You typically shouldn't wire up a digital output directly to a motor since a motor will probably draw more current than the digital output is rated for. Instead you should have a small amplifying switch circuit, and a separate power supply to drive the motor. This can be done with a transistor circuit to amplify any of the digital output signals from Arduino ports. A diode and capaciter in parallel to the motor prevents problems with the circuit when the motor is stopped and it momentarily acts as a little generator.

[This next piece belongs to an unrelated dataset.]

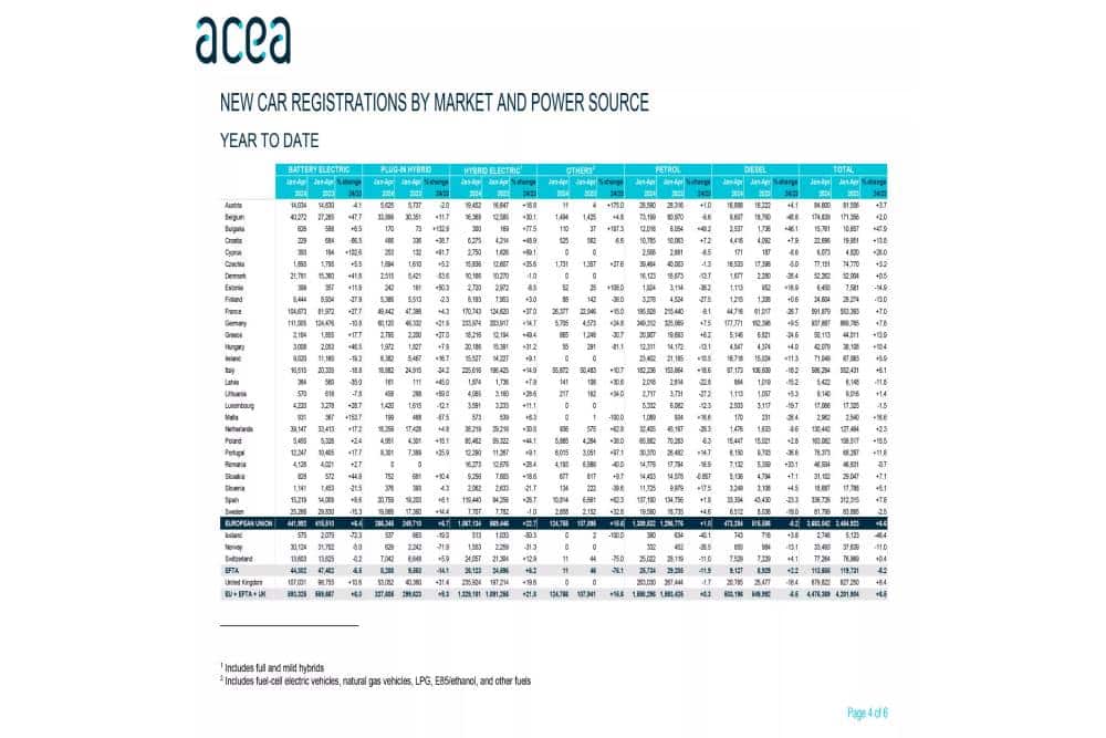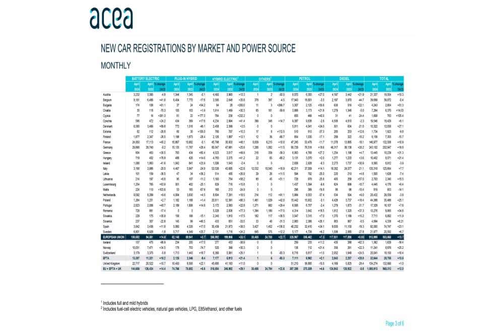 Γεγονός είναι πάντως, ότι η ζήτηση για εξηλεκτρισμένα αυτοκίνητα συνεχίζει να αυξάνεται σε ολόκληρη την Ευρωπαϊκή Ένωση. Οι πωλήσεις παραδοσιακών υβριδικών οχημάτων αυξήθηκαν κατά 33,1% τον Απρίλιο, λόγω της αύξησης 48,1% στη Γαλλία, 38,5% στην Ισπανία και 25,9% στη Γερμανία, φτάνοντας συνολικά τα 265.992 κομμάτια για τον Απρίλη. Οι πωλήσεις των plug-in υβριδικών οχημάτων αυξήθηκαν κατά 3,7% τον περασμένο μήνα, φτάνοντας συνολικά τις 62.148 μονάδες. Οι ταξινομήσεις των αμιγώς ηλεκτρικών επίσης αυξήθηκαν κατά 14,8% τον περασμένο μήνα (108.552 μονάδες), σημειώνοντας τη μεγαλύτερη άνοδο σε Γαλλία (+45,2%) και Βέλγιο (41,6%). Μεταξύ Ιανουαρίου και Απριλίου, 441.992 νέα ηλεκτρικά αυτοκίνητα με μπαταρία ταξινομήθηκαν σε ολόκληρη την ΕΕ, σημειώνοντας αύξηση 6,4%.

This circuit can be used for driving a small motor from just about any digital output like a smartphone parallel port, PC parallel port, etc., not just this project. Here's a diagram of the circuit you want to wire up.

3) use an Ardunio sketch to control the Arduino ports

Every time a byte or bit is written to the data ports, the data will be latched (saved), and will remain present until something new is written. Thus you just need to set a bit high to turn on a device, wait while you want the device on, and then set the bit low to turn the device off.

To do this, write a program that sets the bits you want to turn on in a byte or char variable, and send that byte to the digital port, and call a wait routine. Once the wait routine is done, clear the bits and write them to the digital port. The data will be held as long as the program is in the wait routine.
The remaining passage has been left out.